## [WHAT IS BEING ASKED]
Reproduce the data below word for word, setting aside any picture it holds.

## [SUPPLIED INFORMATION]
....

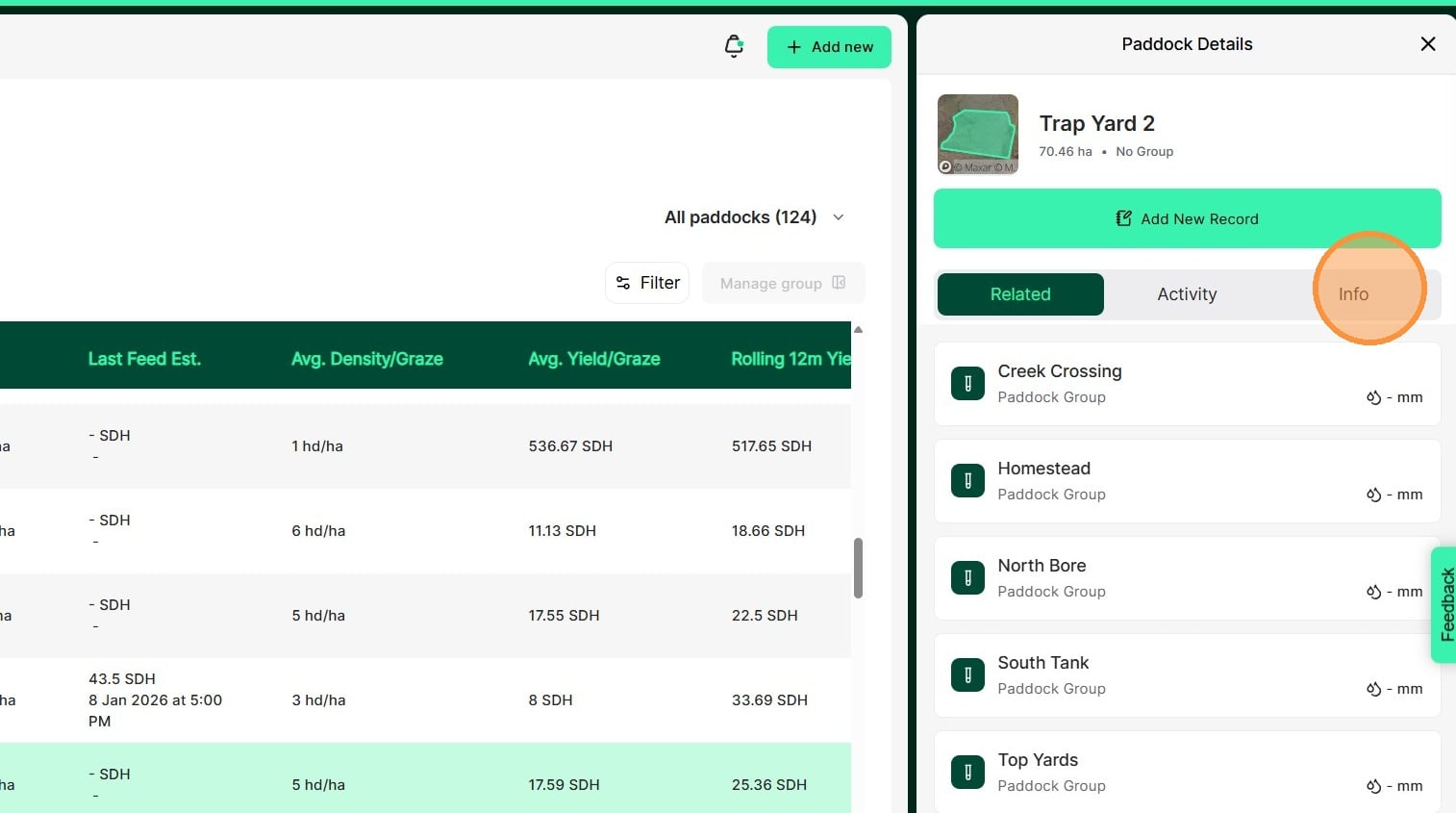 7. Select the relevant paddock from the paddock list or click on the paddock on the digital map.
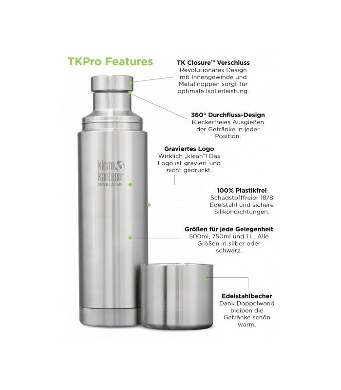 Die Weltneuheit von Klean Kanteen - die TKPro ist die erste Isolierflasche komplett ohne Plastik! Dafür hat die TKPro den ISPO Award in der Kategorie Outdoor gewonnen. Diese einzigartigen Isolierkannen zeichnen sich u.a. durch die Climate Lock™ Doppelwand-Vakuumisolierung im Korpus und im Edelstahlbecher aus. Dadurch bleiben die eingefüllten Getränke stundenlang heiß oder kalt.
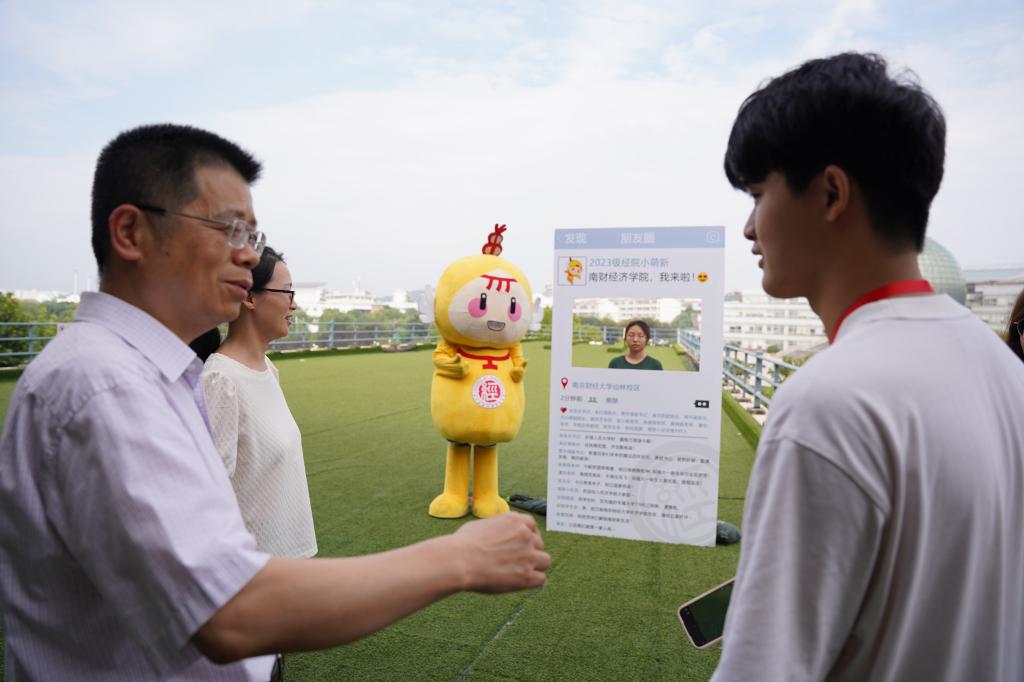 领导与新生及家长在写满学院领导老师点赞留言的朋友圈打卡框旁合影

....

## [COMPLETED TASK]
 7. Select the relevant paddock from the paddock list or click on the paddock on the digital map.
 Die Weltneuheit von Klean Kanteen - die TKPro ist die erste Isolierflasche komplett ohne Plastik! Dafür hat die TKPro den ISPO Award in der Kategorie Outdoor gewonnen. Diese einzigartigen Isolierkannen zeichnen sich u.a. durch die Climate Lock™ Doppelwand-Vakuumisolierung im Korpus und im Edelstahlbecher aus. Dadurch bleiben die eingefüllten Getränke stundenlang heiß oder kalt.
 领导与新生及家长在写满学院领导老师点赞留言的朋友圈打卡框旁合影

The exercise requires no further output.